Let me know if I can provide any other information.
Component/s: (was: PySpark)
SQL
> Metadata gets lost when selecting a field of a StructType
> ---------------------------------------------------------
>
> Key: SPARK-15642
> URL: https://issues.apache.org/jira/browse/SPARK-15642
> Project: Spark
> Issue Type: Bug
> Components: SQL
> Affects Versions: 1.6.0, 1.6.1
> Reporter: Christian Zommerfelds
>
> Hi,
> When working with Data Frames, sometimes I find myself needing to write a function that creates multiple columns. Since that is not directly possible, I create a function that returns a StructType, and then call select() to assign the fields to different columns. However, I noticed that the metadata gets lost when I do that.
> Example:
> {code}
> In: schema = StructType([StructField('foo', StructType([
> StructField('features', ArrayType(IntegerType())),
> StructField('label', DoubleType(), False,
> {'ml_attr': {'type': 'nominal', 'vals': ['0.0', '1.0']}}
> )
> ]))])
> In: df = sqlContext.createDataFrame([Row(foo=Row(features=[1,2], label=0.0)), Row(foo=Row(features=[3,4], label=1.0))], schema)
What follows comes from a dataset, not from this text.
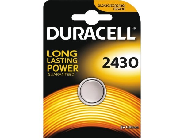Duracell batteri 3V lithium 2430 / CR2430. Et knapbatteri i den velkendte Duracell kvalitet. Pakken indeholder 1 stk. 3V batteri.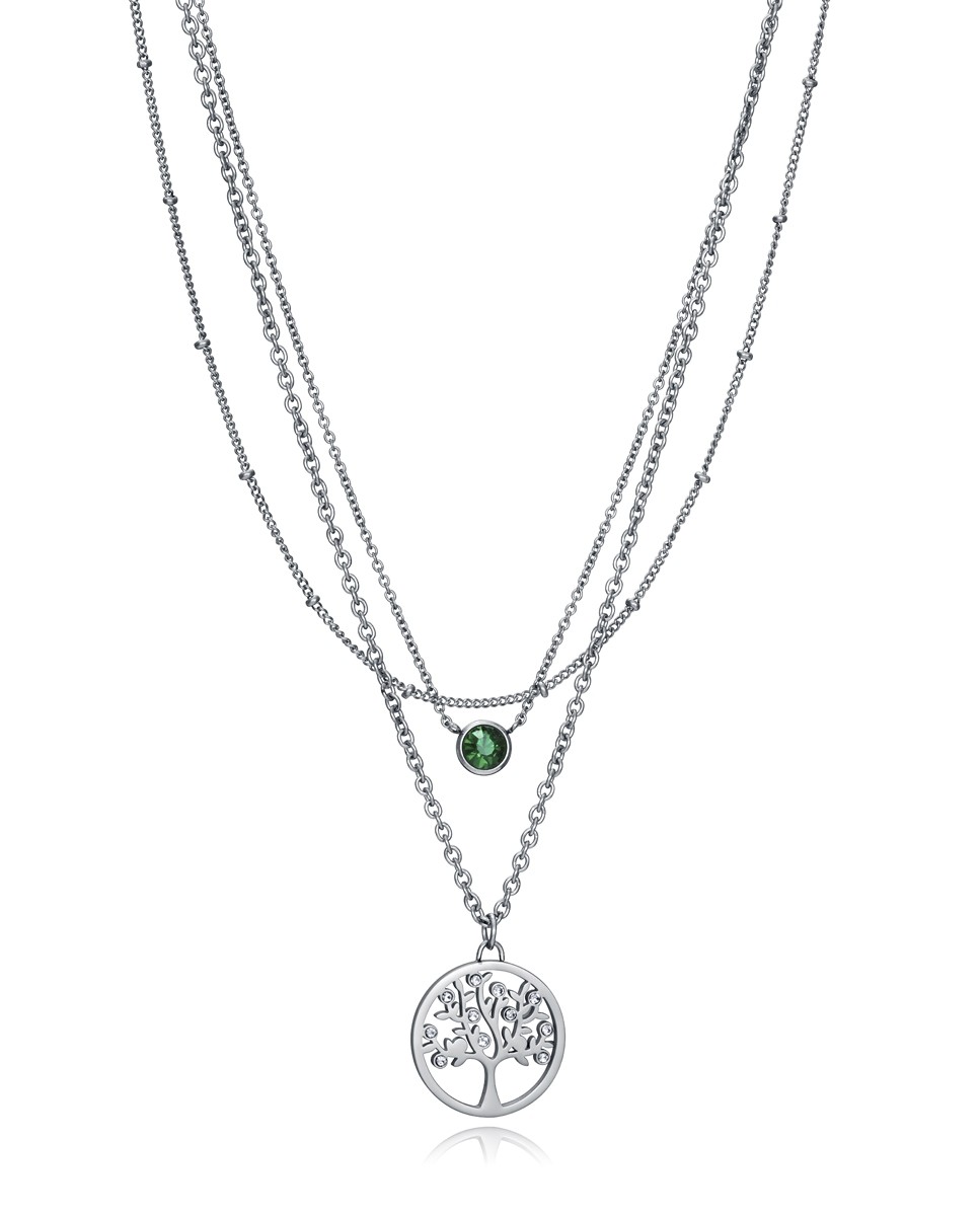 Collar múltiple Viceroy Kiss de tres cadenas en acero con circonita verde y árbol de la vida con circonitas blancas. Largos de las cadenas, 34cm, 36cm, 42cm y 3cm de extensión

> In: df.schema.fields[0].dataType.fields[1].metadata
> Out: {'ml_attr': {'type': 'nominal', 'vals': ['0.0', '1.0']}}
> In: df2 = df.select(df.foo['label'])
> In: df2.schema.fields[0].metadata
> Out: {}
> {code}
> Expected: same metadata (ml_attrib...)
> My work around is to create a new Data Frame from RDD, because as far as I know PySpark doesn't support adding metadata once the DF is created (should I create another issue for that?). Work around example:
> {code}
> In: df3 = sqlContext.createDataFrame(df2.rdd, StructType([schema.fields[0].dataType.fields[1]]))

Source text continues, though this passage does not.